Looking at the regression report:

```
xtable(summary(mod1))
```

Estimate | Std. Error | t value | Pr(> |t|) | |
---|---|---|---|---|

(Intercept) | 14028.0588 | 791.4330 | 17.72 | 0.0000 |

LocationSanta Cruz | 1312.0791 | 1166.5018 | 1.12 | 0.2637 |

LocationSt.Paul | -314.4037 | 1166.5018 | -0.27 | 0.7881 |

The p-values suggest that there is not enough data to support such a claim about the differences between the locations. Indeed, the margin of error is \( \pm 2300 \) dollars.

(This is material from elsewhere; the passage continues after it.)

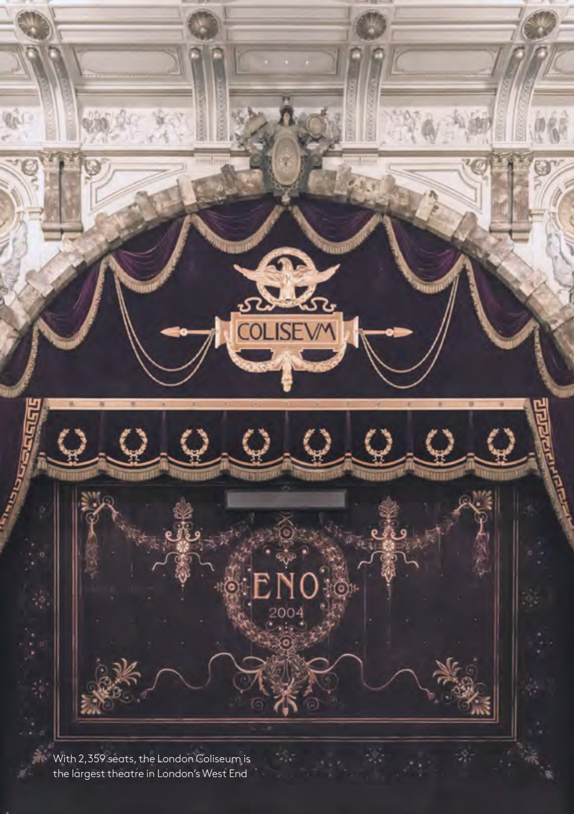
With 2,359 seats, the London Coliseum is the largest theatre in London's West End

An ANOVA analysis of the model also indicates that location is not associated with price:

```
xtable(anova(mod1))
```

Df | Sum Sq | Mean Sq | F value | Pr(> F) | |
---|---|---|---|---|---|

Location | 2 | 43692780.94 | 21846390.47 | 1.03 | 0.3627 |

Residuals | 89 | 1895383953.88 | 21296448.92 |

A simple model of price by mileage

```
mod2 = lm(Price ~ Mileage, data = mycars)
```

This indicates that price goes down by 10 cents per mile.

Revisiting this model:

```
xtable(summary(mod2))
```

Estimate | Std. Error | t value | Pr(> |t|) | |
---|---|---|---|---|

(Intercept) | 20766.5803 | 362.0150 | 57.36 | 0.0000 |

Mileage | -0.1013 | 0.0048 | -21.19 | 0.0000 |

The 95% confidence interval is \( 10.0 \pm 0.9 \) cents per gallon.

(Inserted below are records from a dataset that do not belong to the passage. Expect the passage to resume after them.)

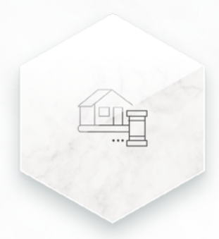
Real Estate and Environmental Law
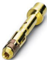
Crimp contact, turned, Single contact, Contact diameter: 1 mm, Crimp range: 0.06 mm 2 ...0.25 mm 2

Please be informed that the data shown in this PDF Document is generated from our Online Catalog. Please find the complete data in the user's documentation. Our General Terms of Use for Downloads are valid ( http://phoenixcontact.com/download )
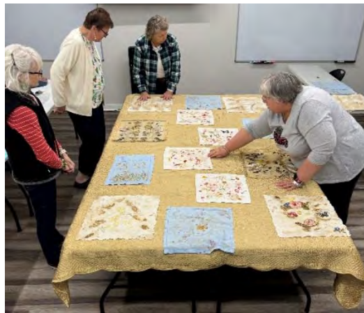
Our slow stitching project is almost complete. Each square was lovingly stitched by members and one day will become a unique quilt..
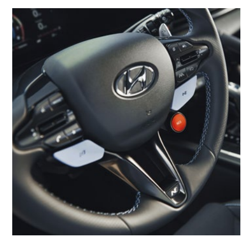
N leather-wrapped steering wheel with N mode buttons
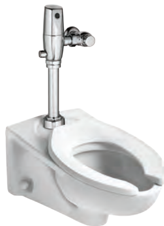
Afwall Millennium Toilet Grainger #20HK93 Selectronic® Flush Valve Grainger #31AA30
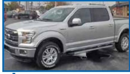
2015 FORD F-150 LARIAT 41,000 Mi.
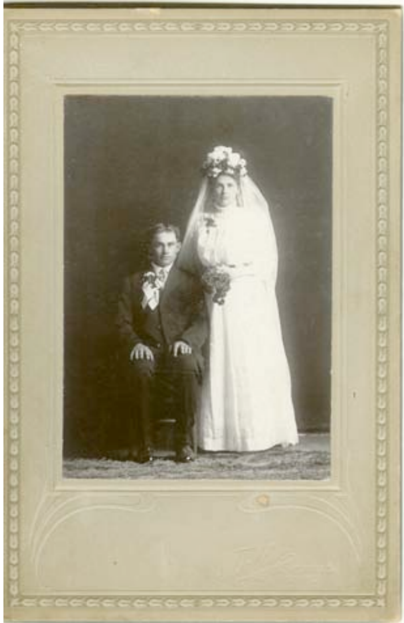
Wedding 24 May 1909

b. 12 Jul 1888, Waverly, Minnesota d. 15 Apr 1974 Artesia, New Mexico

We hypothesized that mileage and age are the primary determinants of used-car price. Model 3 tries to untangle their respective effects:

```
mod3 = lm(Price ~ Age + Mileage, data = mycars)
```

We concluded that the price of a used Honda goes down by $538 per year (on average) and 7.7 cents per mile driven.

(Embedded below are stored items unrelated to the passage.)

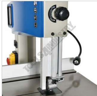
Blade Support Adjustment
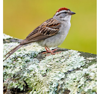
Chipping Sparrow, Middlesex County
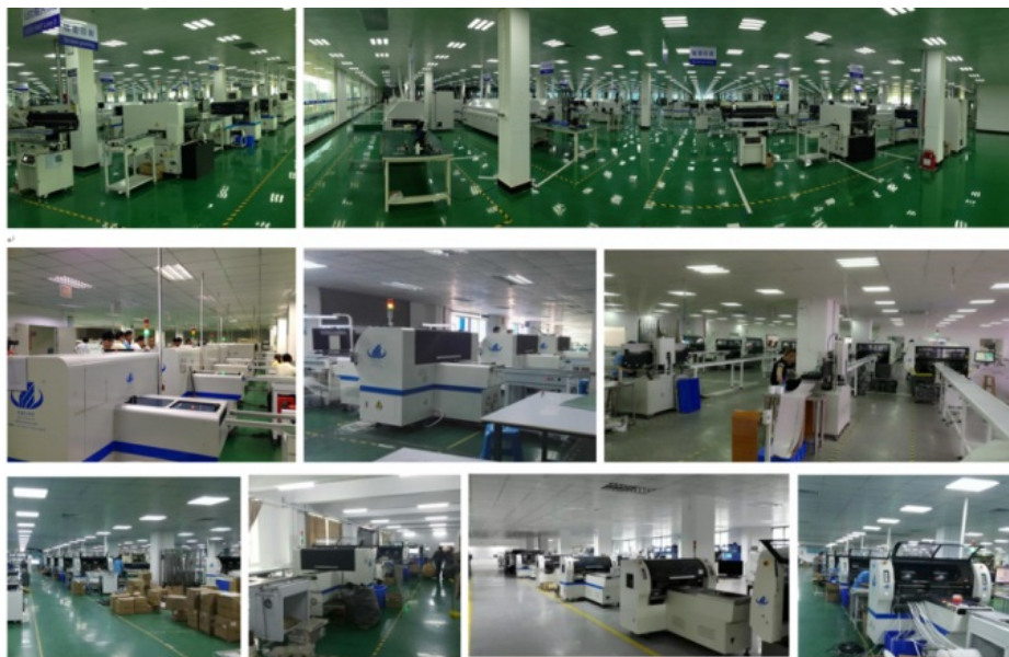
Company introduction, exhibition

Looking now at the regression report …

```
xtable(summary(mod3))
```

Estimate | Std. Error | t value | Pr(> |t|) | |
---|---|---|---|---|

(Intercept) | 21330.4922 | 350.2190 | 60.91 | 0.0000 |

Age | -538.2931 | 117.9343 | -4.56 | 0.0000 |

Mileage | -0.0767 | 0.0069 | -11.10 | 0.0000 |

We see that both age and mileage are statistically significant. Confidence intervals are:

- Age: \( 538 \pm 230 \) dollars per year decrease in price
- Mileage: \( 7.7 \pm 1.4 \) cents per mile decrease in price

The margin of error on mileage has gone up, even though age was included as a covariate and is eating up variance. Perhaps this is due to the collinearity between age and mileage:

```
r.squared(lm(Age ~ Mileage, data = mycars))
```

```
## [1] 0.6079
```

The root mean-square residual tells the typical size of a residual — it's the generalization of the standard deviation.

```
xtable(anova(mod3))
```

Df | Sum Sq | Mean Sq | F value | Pr(> F) | |
---|---|---|---|---|---|

Age | 1 | 1313584180.27 | 1313584180.27 | 445.48 | 0.0000 |

Mileage | 1 | 363058665.01 | 363058665.01 | 123.13 | 0.0000 |

Residuals | 89 | 262433889.55 | 2948695.39 |

```
sqrt(2948695)
```

```
## [1] 1717
```

About $1700 is a typical deviation for an actual car from the model price.

In model 4, we looked for an interaction between age and location in determining price:

```
mod4 = lm(Price ~ Age * Location, data = mycars)
```

In our original report, we concluded that the effect of age differs by location. ANOVA is an appropriate technique here, since it lets us look at all the vectors that are involved in the interaction.

```
xtable(anova(mod4))
```

Df | Sum Sq | Mean Sq | F value | Pr(> F) | |
---|---|---|---|---|---|

Age | 1 | 1313584180.27 | 1313584180.27 | 186.09 | 0.0000 |

Location | 2 | 17726153.76 | 8863076.88 | 1.26 | 0.2901 |

Age:Location | 2 | 699935.45 | 349967.73 | 0.05 | 0.9517 |

Residuals | 86 | 607066465.34 | 7058912.39 |

There's no evidence for a dependence of price on location nor for an interaction between location and age in determining the price.

COMPILING YOUR REPORT. When you press the “Knit HTML” button, your .Rmd file will be translated into an HTML file. You can download this file from RStudio to your computer, and then upload it to Moodle to hand it in.